The Policy Status Quo Is Very Powerful

Democracies strongly preserve status quo policies even when they no longer make sense and are unpopular. The paper below theorizes that policies that were previously the subject to decisive, close political fights stay that way after they are decided because people stop caring about those issues enough to change them after they are resolved.
Policy choices sometimes appear stubbornly persistent, even when they become politically unpopular or economically damaging. This paper offers the first systematic empirical evidence of how persistent policy choices are, defined as whether an electorate’s or legislature’s decisions affect whether a policy is in place decades later. 
I create a new dataset that tracks the historical record of more than 800 state policies that were the subjects of close referendums in U.S. states since 1900. In a regression discontinuity design, I estimate that passing a referendum increases the chance a policy is operative 20, 40, or even 100 years later by over 40 percentage points. 
I collect additional data on U.S. Congressional legislation and international referendums and use existing data on state legislation to document similar policy persistence for a range of institutional environments, cultures, and topics. 
I develop a theoretical model to distinguish between possible causes of persistence and present evidence that persistence arises because policies’ salience declines in the aftermath of referendums. The results indicate that many policies are persistently in place—or not—for reasons unrelated to the electorate’s current preferences.

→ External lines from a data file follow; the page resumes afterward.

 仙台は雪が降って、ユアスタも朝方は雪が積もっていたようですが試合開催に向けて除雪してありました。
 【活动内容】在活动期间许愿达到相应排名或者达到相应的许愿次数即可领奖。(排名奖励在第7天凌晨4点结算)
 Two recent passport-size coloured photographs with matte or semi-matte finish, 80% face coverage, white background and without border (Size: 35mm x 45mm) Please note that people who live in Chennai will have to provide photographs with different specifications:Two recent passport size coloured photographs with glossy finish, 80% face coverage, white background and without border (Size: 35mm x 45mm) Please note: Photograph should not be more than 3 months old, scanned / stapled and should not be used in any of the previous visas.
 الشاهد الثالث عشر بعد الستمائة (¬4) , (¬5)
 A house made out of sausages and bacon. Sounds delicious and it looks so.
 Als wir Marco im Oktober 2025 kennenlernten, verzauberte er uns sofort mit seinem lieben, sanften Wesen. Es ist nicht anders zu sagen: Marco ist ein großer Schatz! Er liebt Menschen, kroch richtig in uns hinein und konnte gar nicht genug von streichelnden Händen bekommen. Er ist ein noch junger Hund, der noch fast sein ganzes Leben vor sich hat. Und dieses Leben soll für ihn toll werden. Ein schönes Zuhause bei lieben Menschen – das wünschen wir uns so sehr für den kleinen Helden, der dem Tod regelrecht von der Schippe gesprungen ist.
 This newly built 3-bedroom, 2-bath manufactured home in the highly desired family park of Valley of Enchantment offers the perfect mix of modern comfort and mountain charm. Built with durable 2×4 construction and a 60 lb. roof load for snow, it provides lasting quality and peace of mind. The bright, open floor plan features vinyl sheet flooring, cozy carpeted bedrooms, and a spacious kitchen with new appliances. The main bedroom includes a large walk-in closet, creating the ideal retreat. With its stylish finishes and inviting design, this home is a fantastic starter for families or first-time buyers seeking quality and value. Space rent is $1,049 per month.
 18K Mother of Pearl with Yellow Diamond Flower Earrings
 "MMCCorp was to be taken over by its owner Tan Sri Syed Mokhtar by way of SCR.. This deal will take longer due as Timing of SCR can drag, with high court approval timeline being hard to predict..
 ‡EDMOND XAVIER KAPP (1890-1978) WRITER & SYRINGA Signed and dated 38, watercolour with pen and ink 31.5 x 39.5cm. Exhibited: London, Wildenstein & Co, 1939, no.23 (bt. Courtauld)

There is some irony in this result. One of the major reasons for opposition to democracy in the transition from monarchy, and for opposition to direct democracy, in particular, was the fear that this would led to frequent, radical policy changes as the public's mood shifted from election to election. It turns out that they had nothing to be afraid of on that score.

This empirical result also bodes well for the future of abortion rights in the United States now that Dobbs has overturned Roe v. Wade.

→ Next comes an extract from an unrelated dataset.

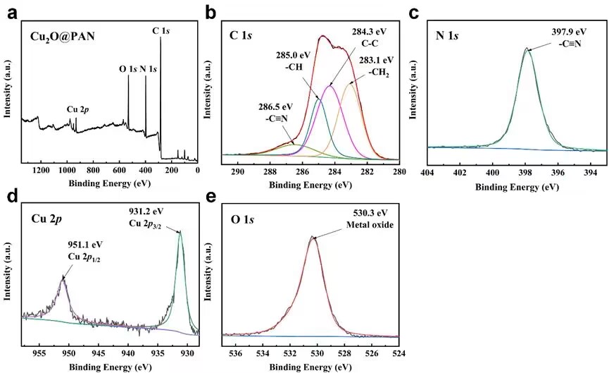 图3. (a) Cu2O@PAN复合纳米纤维薄膜XPS谱图。Cu2O@PAN复合纳米纤维薄膜的 (b) C 1s、(c) N 1s、(d) Cu 2p和 (e) O 1s区域高分辨率XPS谱图。
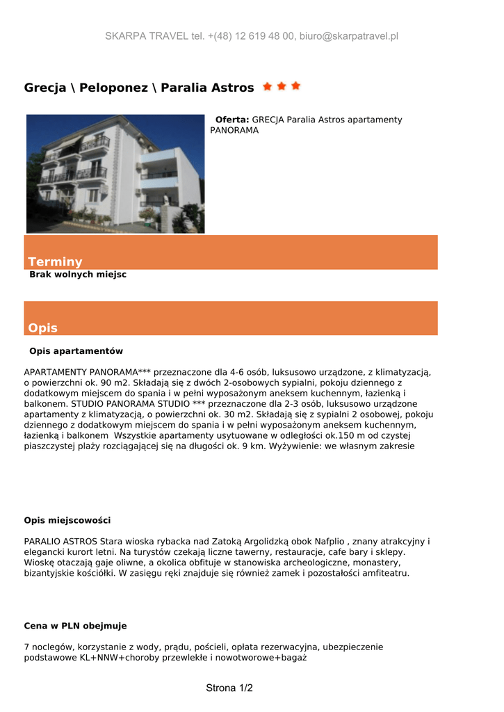 SKARPA TRAVEL tel. +(48) 12 619 48 00, [email protected] Grecja \ Peloponez \ Paralia Astros Oferta: GRECJA Paralia Astros apartamenty PANORAMA Terminy Brak wolnych miejsc Opis Opis apartamentów APARTAMENTY PANORAMA*** przeznaczone dla 4-6 osób, luksusowo urządzone, z klimatyzacją, o powierzchni ok. 90 m2. Składają się z dwóch 2-osobowych sypialni, pokoju dziennego z dodatkowym miejscem do spania i w pełni wyposażonym aneksem kuchennym, łazienką i balkonem. STUDIO PANORAMA STUDIO *** przeznaczone dla 2-3 osób, luksusowo urządzone apartamenty z klimatyzacją, o powierzchni ok. 30 m2. Składają się z sypialni 2 osobowej, pokoju dziennego z dodatkowym miejscem do spania i w pełni wyposażonym aneksem kuchennym, łazienką i balkonem Wszystkie apartamenty usytuowane w odległości ok.150 m od czystej piaszczystej plaży rozciągającej się na długości ok. 9 km. Wyżywienie: we własnym zakresie Opis miejscowości PARALIO ASTROS Stara wioska rybacka nad Zatoką Argolidzką obok Nafplio , znany atrakcyjny i elegancki kurort letni. Na turystów czekają liczne tawerny, restauracje, cafe bary i sklepy. Wioskę otaczają gaje oliwne, a okolica obfituje w stanowiska archeologiczne, monastery, bizantyjskie kościółki. W zasięgu ręki znajduje się również zamek i pozostałości amfiteatru. Cena w PLN obejmuje 7 noclegów, korzystanie z wody, prądu, pościeli, opłata rezerwacyjna, ubezpieczenie podstawowe KL+NNW+choroby przewlekłe i nowotworowe+bagaż Strona 1/2 SKARPA TRAVEL tel. +(48) 12 619 48 00, [email protected] Zniżki 1. Dziecko 0- 2 lat bez świadczeń płaci tylko 50 zł/7 dni Uwagi organizatora 1. Doba hotelowa rozpoczyna się o godz 14:00 i kończy o godz 9:00. 2. Na wyjazd potrzebny ważny paszport lub dowód osobisty. Praktyczne informacje Najbliższa placówka dyplomatyczna: Konsulat RP w Grecji 78 Tsimiski Str. Saloniki 546-22 Tel. 00 302 310 288 205 Obowiązująca waluta: 1 EUR Czas wschodnioeuropejski + 1 godzina Strona 2/2 Powered by TCPDF (www.tcpdf.org)

Red states like Kansas and Ohio have backed abortion rights in state referendums (Ohio passed a state constitutional right to abortion with almost 57% of the vote yesterday.) And, this academic study shows that those referendum decisions are likely to endure.

Image from the New York Times.


Image from the Washington Post.

Notably, and surprisingly, these massive regional abortion restrictions have not greatly impacted the number of abortions carried out nationally, as people have used abortion pills and travelled to other states to obtain abortions.